Why do we use Hermitian operators in QM?

One problem with the given $3\times 3$ matrix example is that the eigenspaces are not orthogonal.

Thus it doesn't make sense to say that one has with 100% certainty measured the system to be in some eigenspace but not in the others, because there may be a non-zero overlap to a different eigenspace.

One may prove$^{1}$ that an operator is Hermitian if and only if it is diagonalizable in an orthonormal basis with real eigenvalues. See also this Phys.SE post.


$^{1}$We will ignore subtleties with unbounded operators, domains, selfadjoint extensions, etc., in this answer.


If you want to see something different, there are actually a few articles by Carl Bender developing quantum mechanics formulated with parity-time symmetric operators. He shows that some Hamiltonians are not Hermitian, yet they have real eigenvalues and seem to represent valid physical systems. If you think about it, the requirement that your operator is parity-time symmetric makes more sense physically than hermiticity. In a later article, his quantum mechanics approach was proven to be equivalent to the standard one where operators are hermitian.

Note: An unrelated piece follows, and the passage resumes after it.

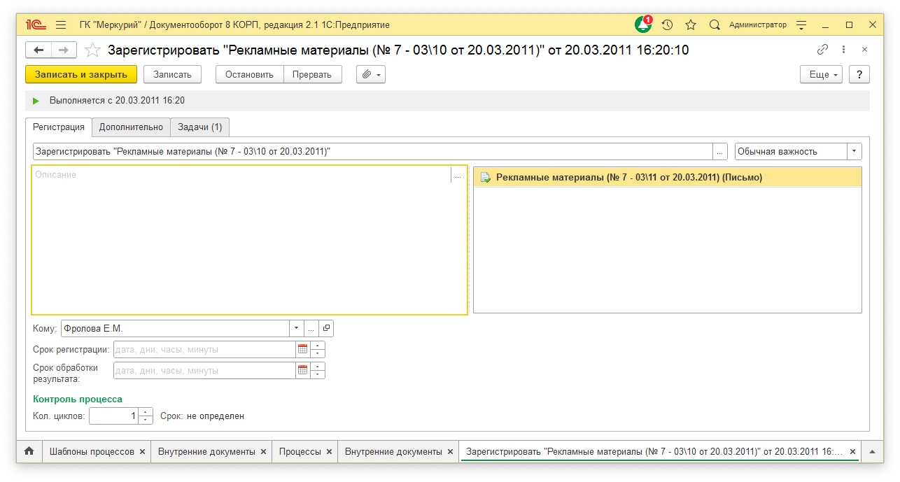Процесс регистрации позволяет автоматизировать регистрацию документов. Этот процесс не имеет смысла в отрыве от документа.

If you are interested, you can read http://arxiv.org/abs/quant-ph/0501052


To give an answer that is a little more general than what you're asking I can think of three reasons for having hermitian operators in quantum theory:

1) Quantum theory relies on unitary transforms, for symmetries, basis changes or time evolution. Unitary transforms are generated by hermitian operators as in $U=\exp(iH)$. And unitary Lie group representations come with a lie algebra of hermitian operators.

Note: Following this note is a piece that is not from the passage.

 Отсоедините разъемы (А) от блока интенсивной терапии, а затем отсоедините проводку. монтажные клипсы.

2) Outcomes of measurements are taken from a set of orthogonal states with real measurement values. This structure if efficiently represented by a hermitian operator that comes with an eigenstructure that matches these requirements precisely.

3) State representations of subsystems and ensembles lead to hermitian operators. For ensembles this can be seen from the construction as a convex sum of projectors, which are necessarily hermitian. For subsystem states it comes out of tracing a projector over tensor factor spaces. This is related to point 2) because processes like decoherence connect measurement outcomes with density operators.